Right. That's about all we could think of regarding means in SPSS. If you've any questions or remarks, please feel free to throw in a comment below.
THIS TUTORIAL HAS 11 COMMENTS:
By Ruben Geert van den Berg on October 29th, 2018
Use
MEAN()
for means andSD()
for standard deviations. Don't use the + operator.Also see SPSS Missing Values Tutorial for the reasons for this.
HTH!
By William Peck on November 5th, 2018
I got an error with the last two exercises on the Aggregate commands, ">Error # 10910. Command name: aggregate. The definition of a new variable on the AGGREGATE command specifies a new variable name that duplicates the name of an existing variable. To replace existing variables, specify OVERWRITE = YES in the OUTFILE subcommand."
So I added this to the end of the command and it worked great! :-)
aggregate outfile * mode addvariables overwrite=YES
/mean_1 = mean(v1).
By Muhammad Abu-salih on March 7th, 2019
I need to try this tutorial to find its usefulness, but computation of means through the usual commands of SPSS are very easy.

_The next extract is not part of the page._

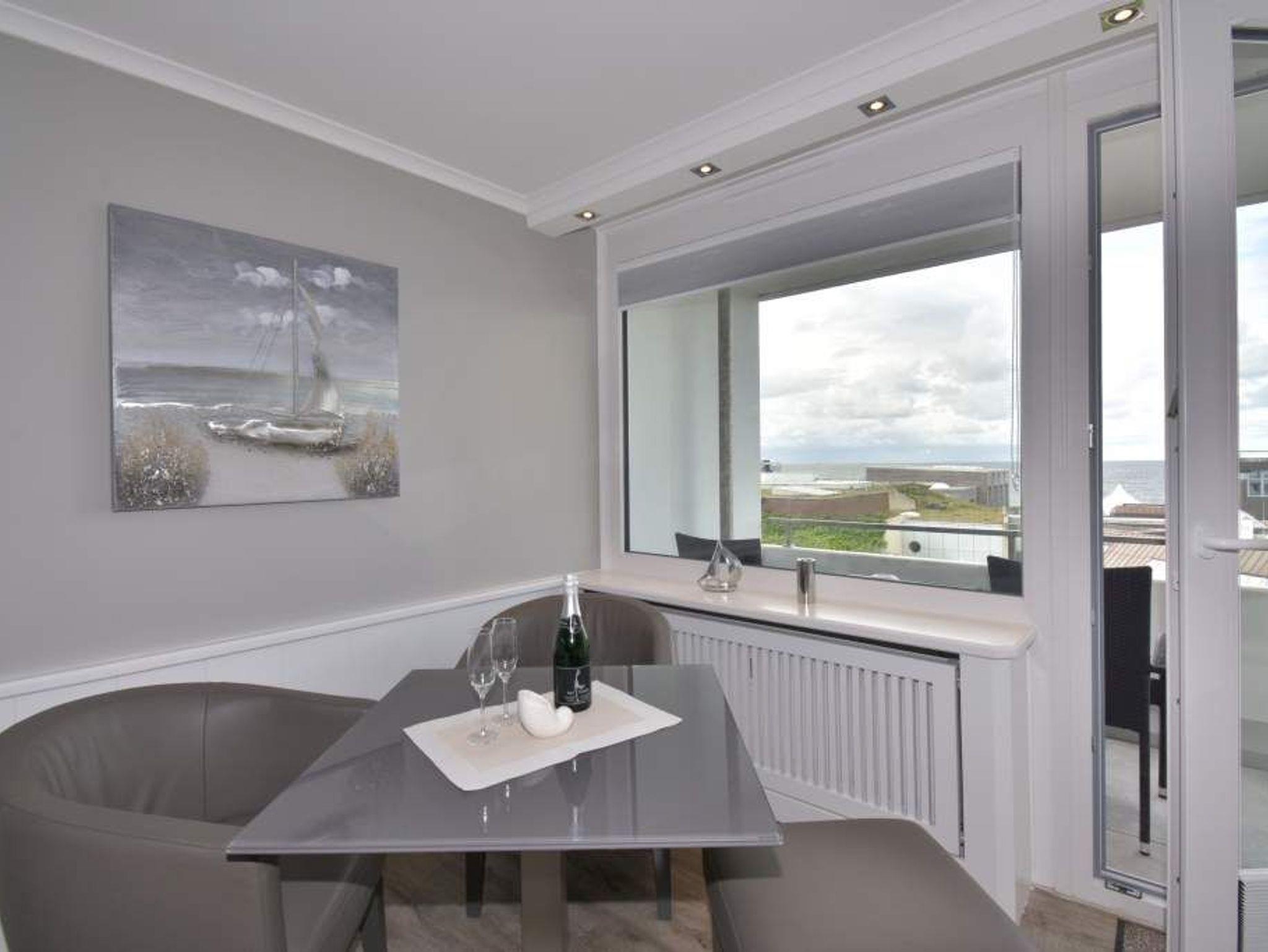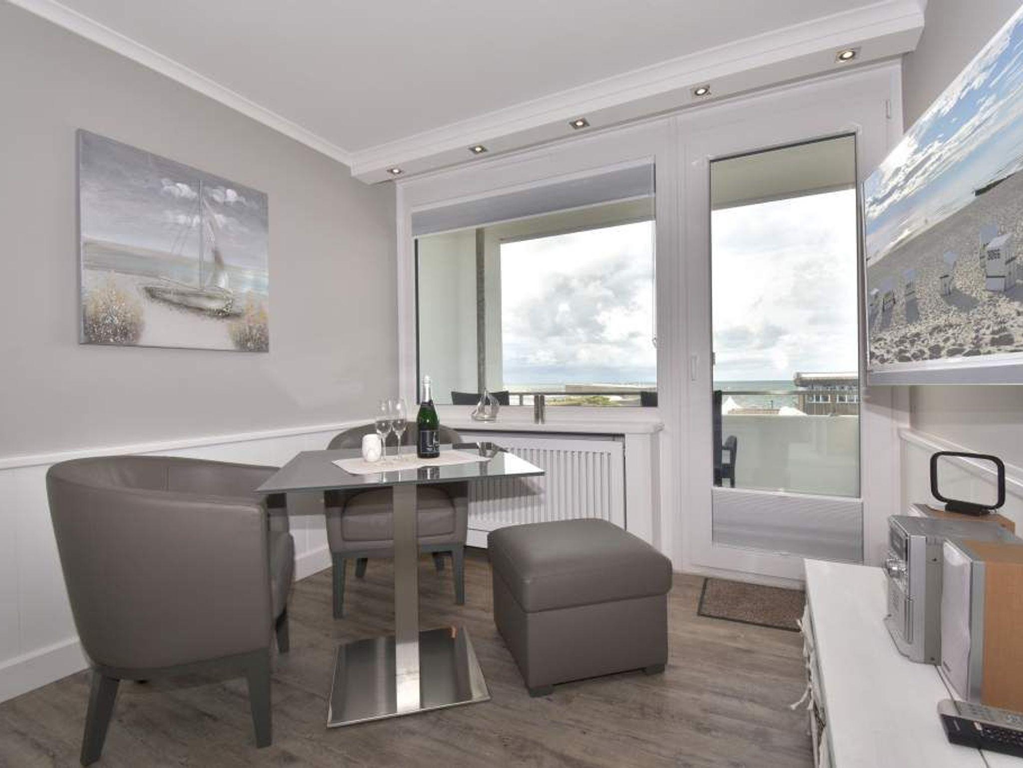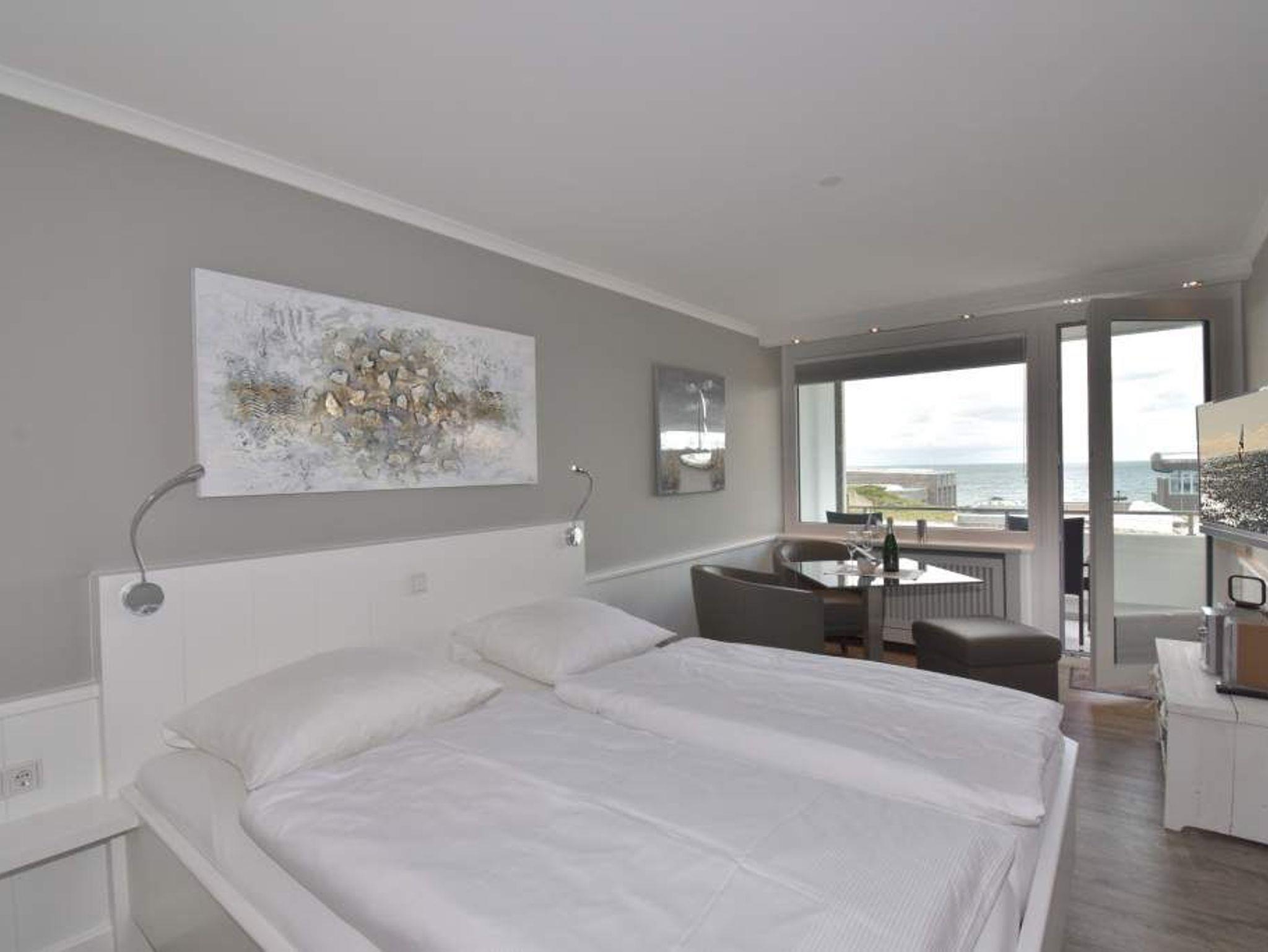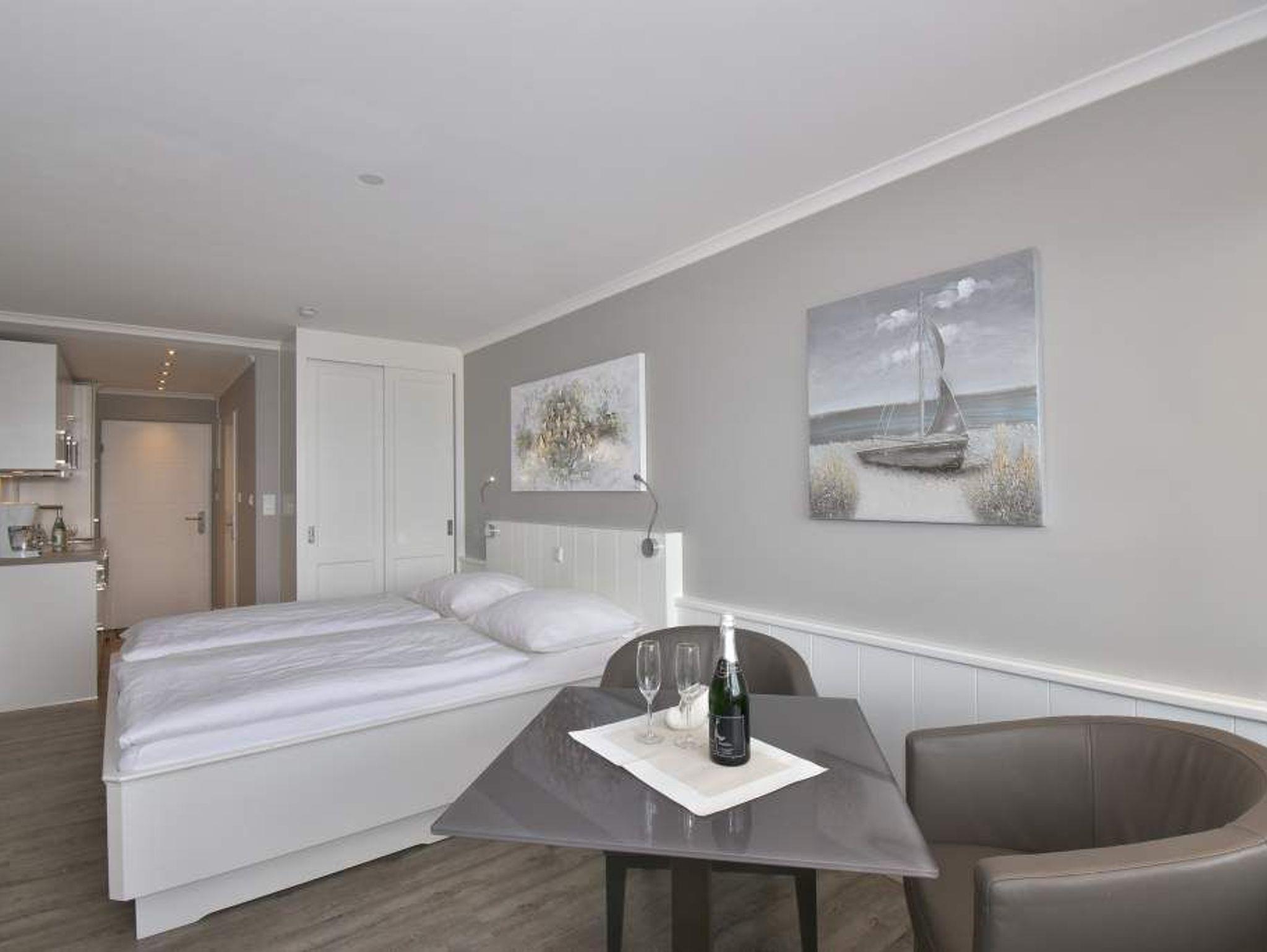 Individuell gestaltete 1-Zimmer-Nichtraucher-Ferienwohnung (ca. 25 qm) in der 4. Etage zur Seeseite mit Westloggia und herrlichem Meerblick, (Nachmittagssonne mit Balkonmöbeln und Auflagen) für max. 2 Personen. Vom Vorflur mit Garderobe und Küchenzeile gelangt man in das kombinierte Wohn-/Schlafzimmer (mit Austritt zum Balkon) und in das moderne Duschbad/WC.

By Eugenia ML on June 12th, 2019
You are so clear and precise! It´s a real help!
Thank you so much!
By Morthen on May 31st, 2022
Hi!
I have used this command for means of sets with missing points:
Mean4 (v1,v2,v3,v4,v5,v6,v7,v8)
to get a mean of whichever cases have more than 4 valid values.
As you can see, I am missing a "." between "mean" and "4".
I got slightly different mean values with this command, and now I may have to redo an entire analysis. Do you know what difference it makes?